Time was slipping. More crimson horrors would claw their way into my mist any moment and I could feel their ripples lurking beyond the shroud. I needed something, a way to turn my mana's vast tide against these beasts that mocked nature's rules, their biology twisted beyond sense. My mind raced, grasping at fragments of attacks I'd seen, beast tactics I'd survived, anything I could bend my ice into. What did I carry? What could I wield?

Then it hit me, sharp and clear. It wasn't just beasts I'd taken in. Humans lingered too, their lives woven into mine. Wulric, cut down at the barricades, his blood soaked into District 97's dirt. Their hearts had stopped, but that wasn't the end. The ouroboros whispered it: death was destruction, yes, but also renewal, a step toward eternity. Life cycled, unbroken, and they were part of me now.

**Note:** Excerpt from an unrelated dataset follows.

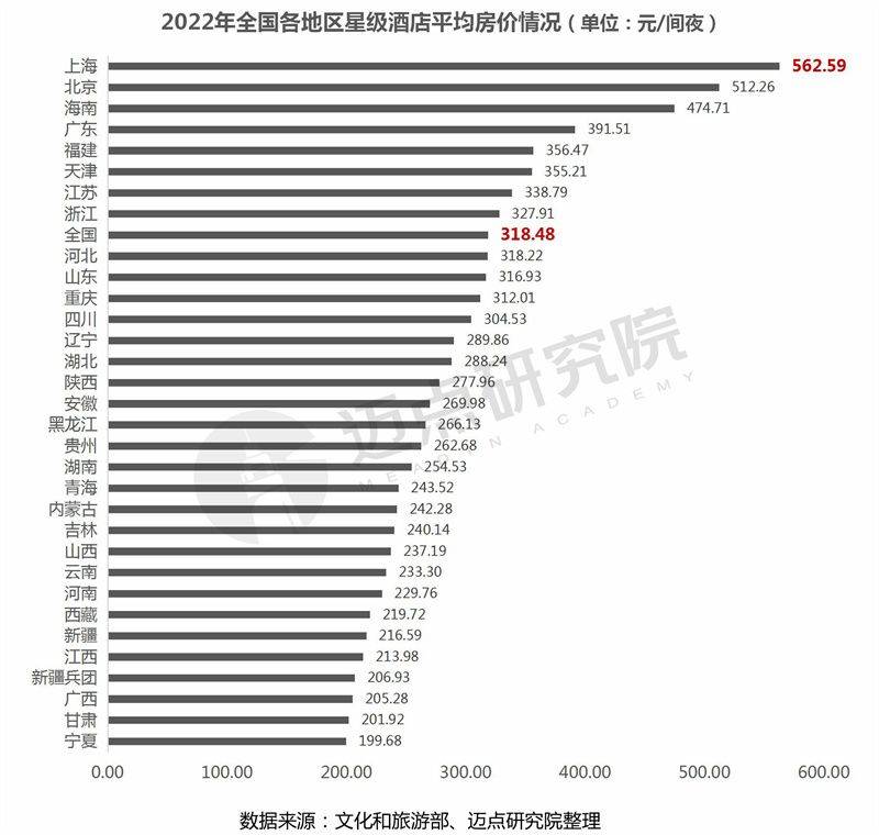 各地区星级酒店平均房价情况:32个地区中高于全国星级酒店平均房价(318.48元/间夜)的地区仅有8个,从高到低依次为上海、北京、海南、广东、福建、天津、江苏、浙江,其中上海市星级酒店平均房价562.59元/间夜,以绝对领先优势位列全国第一。广西、甘肃、宁夏等西部地区星级酒店平均房价排在全国末尾,具有较大的提升空间。

I thrust my hands forward, mana surging cold and fierce. Ice coalesced around me, a tight orb at first, spinning fast, its edges glinting in the mist. I willed it larger, bigger than me, bigger than reason, until it loomed titan-sized, a frozen mass trembling with intent. It shifted, crude at first, like clay under unseen hands, taking form as my voice rose, steady and commanding. "Wulric, hear me. Thy life is not truly over. Thou stood with purpose, shielding the weak, though power slipped from thy grasp. Death was no end—merely a stone upon thy path. Answer my call, and I grant thee the strength thou once lacked in life. Let thy breath be renewed."